Bone, Kabarpojok - Dua remaja warga Kelurahan Panyula, Kecamatan Tanete Riattang, Kabupaten Bone, AAAM (18) dan AR alias U (23), menjalani sidang perdana pada Senin (06/10/2025), atas dugaan pencurian 12 karung beras bantuan seberat 10 kilogram per karung, dengan nilai kerugian sekitar Rp900.000,-.
Keduanya didakwa melanggar Pasal 363 ayat (1) ke-4 KUHP, dengan pelapor yang tak lain adalah Lurah Panyula, tempat kejadian berlangsung. Sidang perdana di Pengadilan Negeri Watampone siang tadi mengagendakan pembacaan dakwaan dan pemeriksaan saksi pelapor, dan akan berlanjut besok (7/10/2025) untuk pemeriksaan terdakwa.

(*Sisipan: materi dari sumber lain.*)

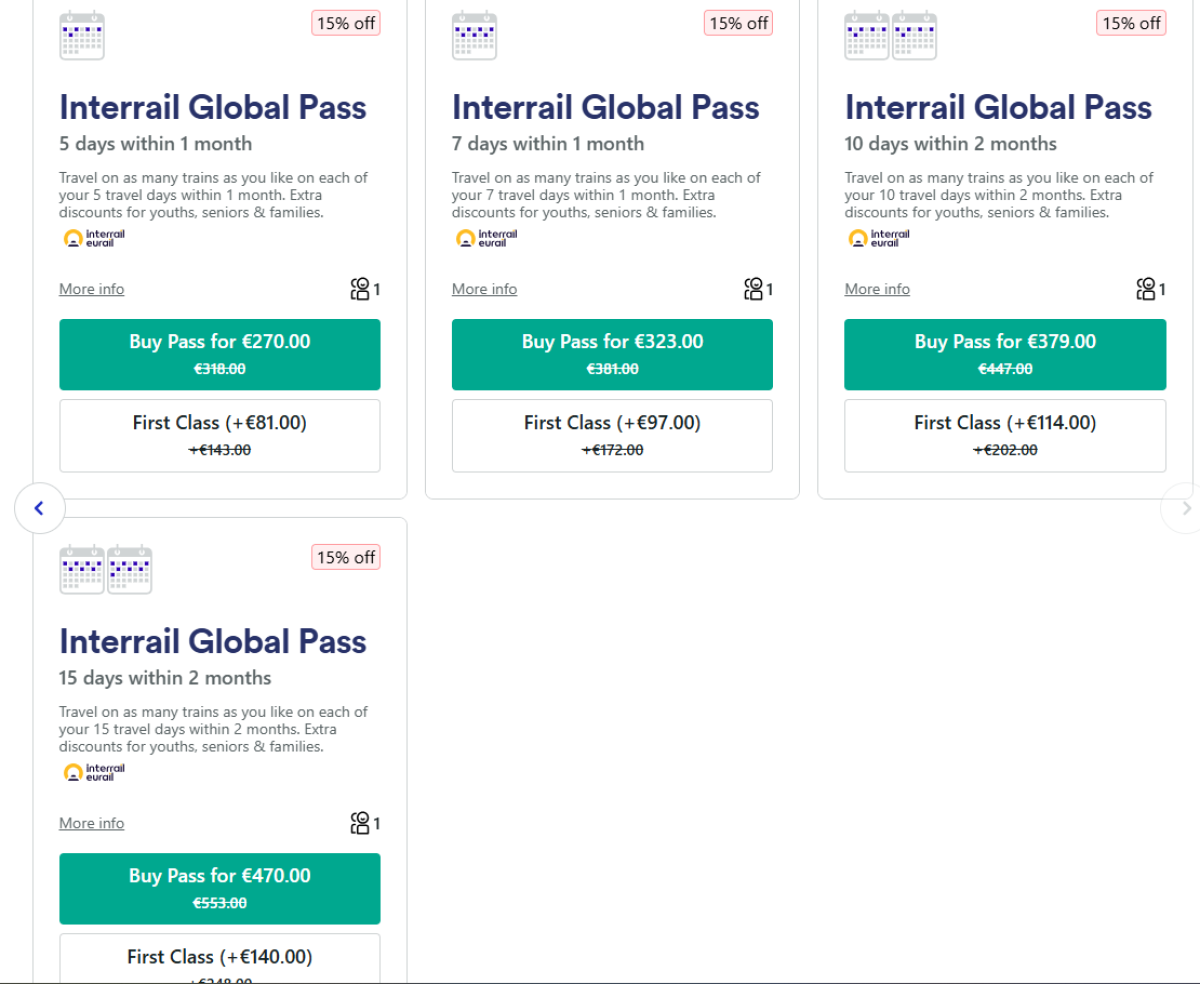 El descuento del 15% se aplica a todos los tipos de pases, que puede comparar en thetrainline.com. Personalmente, me interesaron más las siguientes ofertas:

Kasus ini menarik perhatian publik, bukan hanya karena nilai kerugian yang relatif kecil, tetapi juga karena kedua terdakwa telah memohon maaf dan memperoleh pernyataan maaf tertulis dari pelapor, meski pada akhirnya pelapor tetap meminta agar proses hukum dilanjutkan dan tidak menempuh jalur restorative justice (RJ).
Kedua terdakwa kini mendapat pendampingan hukum secara pro bono dari Kantor Hukum Pawero (KHP), dengan tim yang terdiri atas Umar Azmar MF, M.H.; Muhammad Iqbal Azis, S.H., M.H.; Andi Muh. Iqbal Rimar, S.H.; Yusrang, S.H., M.H., CLA., CTL.; dan Muhammad Ashar Abdullah, S.H., M.Hli.
Direktur Kantor Hukum Pawero, Umar Azmar MF, M.H., menyampaikan bahwa pihaknya menghormati sepenuhnya langkah hukum yang ditempuh pelapor dan aparat penegak hukum, namun menyayangkan tidak dipilihnya mekanisme restorative justice yang sejatinya membuka ruang penyelesaian yang lebih mendidik dan berperikemanusiaan.
“Kami menghargai setiap keputusan dalam proses hukum ini. Namun, hukum yang baik tidak hanya memberikan kepastian, tapi juga memberi ruang bagi rasa kemanusiaan untuk bekerja,” ujar Umar Azmar.
Lebih lanjut menuturkan, dalam konteks sosial masyarakat Bugis yang menjunjung tinggi pesse—rasa empati dan kepedulian terhadap sesama—, penerapan hukum yang berimbang antara keadilan dan kemanusiaan selalu dipandang sebagai jalan yang lebih mulia.
Sambung Umar Azmar, KHP menegaskan bahwa pendampingan ini bukan untuk meniadakan hukum, melainkan untuk memastikan hukum berjalan dengan kepastian, manfaat, dan keadilan, sehingga penegakan hukum tetap memiliki hati nurani dan nilai kemasyarakatan yang hidup di tengah rakyat.